Рубеллий пожал плечами.

– И что же…, – заговорил он через некоторое время, – после похода ты засядешь в Байах и будешь растить дочь?

– Да.

– Поседеешь, – Рубеллий не удержал в себе присущего ревнивцам яда. – Наберешь вес.

– Седину скроет хна, – ухмыльнувшись, просипел Луций. – В Байах все так делают. Отращивают и завивают волосы, выкрашивают хной. Мне пойдут рыжие кудри? – он засмеялся, но смех сразу перешел в надсадный мучительный кашель. – Что до веса, – продолжил он, выпив отвара, – я не должен разжиреть. Я похож на отца, а он до самой смерти был тощим.

– Он умер молодым?

– Старым. Под конец выжил из ума и почти ослеп. Меня не узнавал. В толстой рабыне-кухарке видел Випсания Агриппу – он был с ним при Акциях. Требовал от несчастной не выжидать, а идти на таран и утопить старую египетскую суку и ее дубовое дилдо. – Голос снова пропал. Прокашлявшись, Луций пояснил: – Так он называл Антония. Никакого уважения к врагу.

Рубеллий улыбнулся. Что-то было не так. Он плохо спал ночью и проснулся разбитым. А теперь эта новость. Всего лишь ребенок, но стало еще хуже. Горло пережало спазмом. На глаза навернулись слезы.

– Ты не сможешь без всего этого, – сказал он тихо.

– Без чего?

– Без службы. Без дела. Без цели.

– У меня есть цель.

– Какая?

Луций отвел взгляд в сторону.

– Ты должен править, – прошептал Рубеллий. – Не Клавдий, не кто-то из Юлиев и не Сенат, нет. Эти жирные продажные свиньи не достойны власти. Мы победим скифов, три легиона войдут в Рим для триумфа и…

– Марк…, – в сипе послышалось предостережение.

Рубеллий шумно выдохнул, закрыл глаза.

– Не думай, что я говорю это, чтобы ты своим ответом скомпрометировал себя, – пробормотал он. Перед его внутренним взором возникло свежее воспоминание: вспышки молний, рокот грома, чернильное небо, порывы ветра, помост, утопающий в розовых потоках смешавшейся с кровью воды, обнаженные тела. – Если бы не ты, – продолжил он, не открывая глаз, – кампания была бы проиграна еще вчера. Все испугались. Легаты, трибуны, префекты, центурионы, тысячи солдат. Все до одного отдали бы год своей жизни, лишь бы сбежать оттуда, лишь бы не слышать пророчеств этого сака. Даже Приск дрогнул, я видел, чувствовал. Он бы не смог своей рукой отправить предателей к праотцам, перерезать их, как свиней…

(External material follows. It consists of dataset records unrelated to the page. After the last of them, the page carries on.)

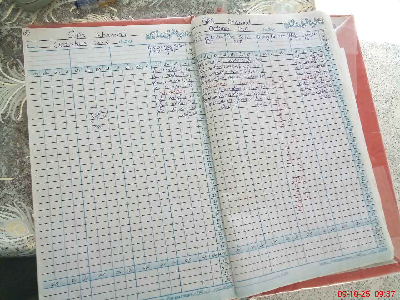 | Attendance Register | Head Teacher | MEA with School | Visit Proof |
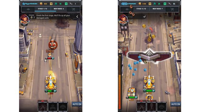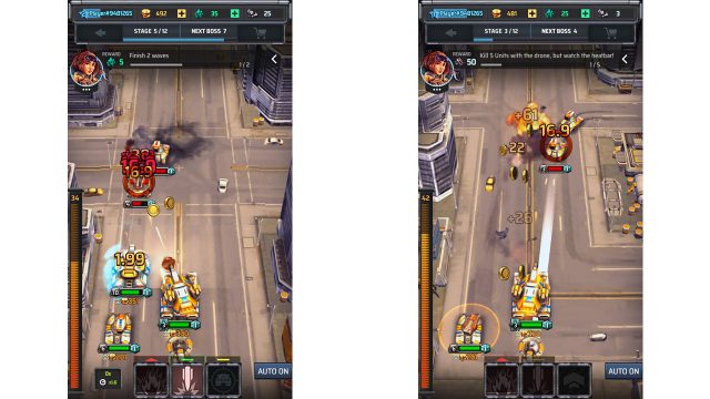 อย่างที่บอกไปว่าเกมนี้เรายังพอควบคุมทิศทางในการยิงได้ เกมก็จะมีแค่นั้น (สกิลจะกดเองหรือออโต้ก็ได้) ซึ่งจะทำให้คนเล่นสามารถผ่านด่านไวขึ้น โดยเฉพาะศัตรูที่มาหลายทิศทางหรือเราต้องการที่จะทำลายสิ่งปลูกสร้างเพื่อหาเหรียญมาอัพเกรด เพราะรถถังในทีมเราจะยิงแต่ศัตรูไม่สนใจสิ่งปลูกสร้าง
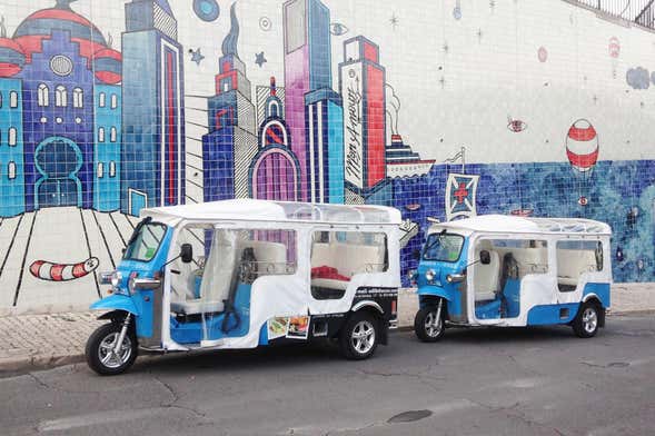À l'heure convenue, rendez-vous dans la calle Largo do Regedor, derrière le théâtre national Dona Maria II, pour monter à bord d'un tuk tuk, le véhicule original avec lequel vous parcourrez les rues de Lisbonne. Ce moto-taxi typique de l'Asie du Sud-Est a trouvé sa place dans la capitale portugaise, devenant l'un des moyens de transport les plus utilisés par les touristes. Grâce à son toit convertible et à l'absence de portes latérales, le tuk-tuk est la meilleure option pour faire une visite panoramique dans Lisbonne.

– Я не горжусь тем, что отнял жизни у римских солдат, Марк.

– Я видел, с какой признательностью он посмотрел на тебя, с каким облегчением. Все понимали, что исход кампании под угрозой, устрашенное войско – стадо овец, а не стая волков. Но никто не мог сдвинуться с места от страха.

– И ты?

– И я.

– От страха ли ты умолял распятого бога пощадить меня и взамен забрать твою жизнь?

Рубеллий распахнул глаза:

– Ты слышал?

– Мне рассказали.

– Прости меня!

– Не за что прощать, – Луций встал с кресла, обошел стол и встал за спиной Рубеллия. С этого все и началось, мелькнула у трибуна мысль. Тогда и настигла его эта страсть, одержимость, когда Север впервые сделал так же. Как давно это было, будто годы прошли. – Нет доблести в том, чтобы поносить богов, в которых не веришь. И верх мужества – бросать им вызов, страшась их силы. – Луций наклонился к его уху: – Косс не стал бы. Должен сказать, твой отец в деле воспитания сына преуспел лучше меня.

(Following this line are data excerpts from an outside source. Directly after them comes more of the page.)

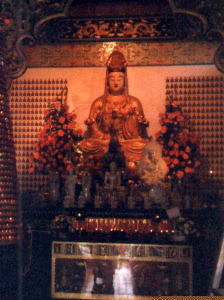 The front of this interior temple is separated into three sections by ornate white pillars. Inside each section was a huge statute of a Goddess. I recognized my friend Kuan Yin as the statue on the right. I rushed inside to greet her. I was reminded by one of the Chinese ladies guarding the temple that I had to remove my shoes.
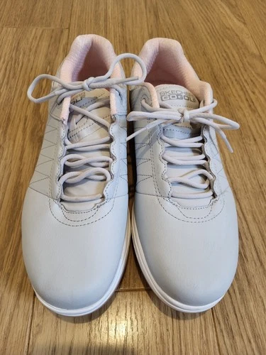 Womens Skechers GoGolf Goga Max Grey Pink Laced Studded Golf Shoes UK 6.5
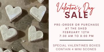 Click below to pre-order from this weeks menu by noon on Friday to guarantee your scones for pick-up during scone shed hours!
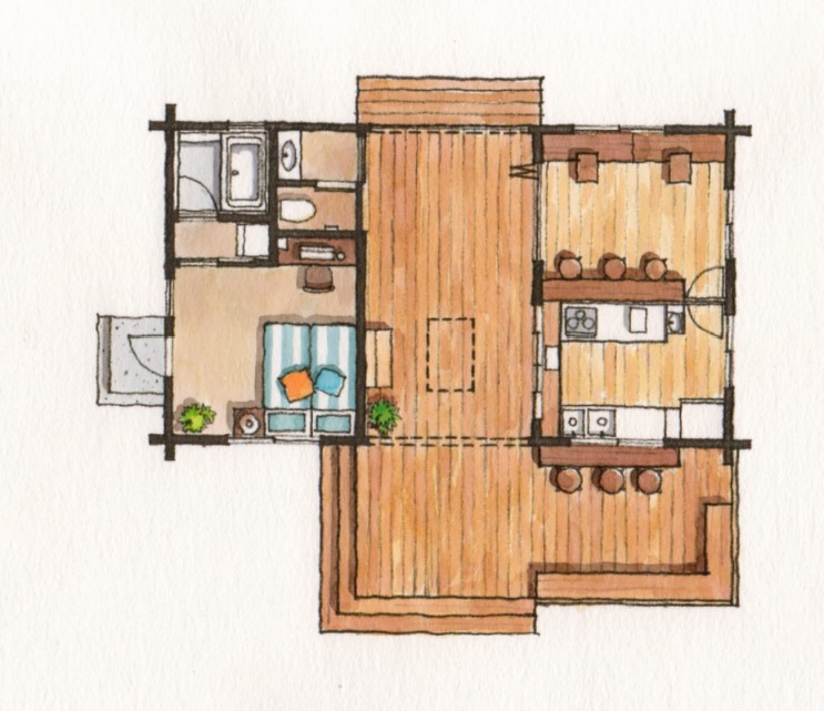 例えば、午後の日の光が差し込むポーチでロッキングチェアに揺られながら好きな本を読んだり、家庭菜園で収穫した野菜をガーデンキッチンで洗ってそのままかぶりついたり、ログ小屋(piccolo/ピッコロ)の中で好きなDIYに興じたり...ピアッツァはログのぬくもり・あじわいを楽しめるだけでなく、四季を全身で感じながら、田園生活を満喫できる、そんな仕掛けがいっぱいのログハウスです。

– Благодарю за эти слова, легат.

– То, о чем ты говорил, Марк, про триумф и мятеж…, – Луций кашлянул. – Это вероломно. Но мне нравится.

– Нравится?

– Честолюбие – хорошее качество. Однако рано размышлять о том, что будет по возвращении. Сначала мы должны победить.

– Мы победим, – как нечто само собою разумеющееся сказал Рубеллий.

– Недооценивать врага – путь к поражению, Марк.

– Прости мою самонадеянность. – Он обернулся, поднял глаза: – Так ты… все-таки… не Байи? Не отставка?

– Отставка, Байи, дочь. И пока я буду квохтать над ее колыбелью, мой сын начнет осуществлять свои честолюбивые замыслы.

– Сын? – нахмурившись, Рубелий вернул взгляд обратно, упер его в стол.

– Дочь – это неомраченная радость. Но мне нужен сын, наследник.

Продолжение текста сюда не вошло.